Exercise goal: In the data below, find the line that contains "亚克力专用无痕胶水透明有机玻璃板仿氯粘合剂快干甲烷胶abs专用" and the line that contains "Bookplate of the private". Copy both, plus every line between them, exactly.

Given data:

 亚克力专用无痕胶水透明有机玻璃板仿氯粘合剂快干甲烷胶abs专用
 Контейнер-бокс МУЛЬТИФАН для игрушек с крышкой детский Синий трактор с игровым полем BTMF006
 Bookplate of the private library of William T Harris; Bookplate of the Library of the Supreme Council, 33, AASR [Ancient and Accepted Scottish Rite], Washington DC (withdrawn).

...

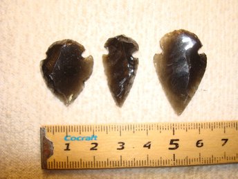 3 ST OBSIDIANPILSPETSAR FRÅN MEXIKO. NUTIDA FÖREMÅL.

--

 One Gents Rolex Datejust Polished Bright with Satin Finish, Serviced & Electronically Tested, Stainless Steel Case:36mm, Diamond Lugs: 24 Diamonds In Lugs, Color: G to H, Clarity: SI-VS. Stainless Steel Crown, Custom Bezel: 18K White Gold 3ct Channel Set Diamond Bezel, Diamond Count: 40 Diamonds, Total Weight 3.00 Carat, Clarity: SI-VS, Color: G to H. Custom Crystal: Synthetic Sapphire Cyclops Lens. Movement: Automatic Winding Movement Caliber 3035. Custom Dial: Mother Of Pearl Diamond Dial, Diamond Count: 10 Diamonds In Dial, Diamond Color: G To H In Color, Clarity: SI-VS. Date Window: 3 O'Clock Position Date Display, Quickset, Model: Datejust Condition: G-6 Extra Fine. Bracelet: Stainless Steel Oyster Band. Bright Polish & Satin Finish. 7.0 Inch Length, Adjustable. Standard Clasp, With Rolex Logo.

Answer to this problem:
 亚克力专用无痕胶水透明有机玻璃板仿氯粘合剂快干甲烷胶abs专用
 Контейнер-бокс МУЛЬТИФАН для игрушек с крышкой детский Синий трактор с игровым полем BTMF006
 Bookplate of the private library of William T Harris; Bookplate of the Library of the Supreme Council, 33, AASR [Ancient and Accepted Scottish Rite], Washington DC (withdrawn).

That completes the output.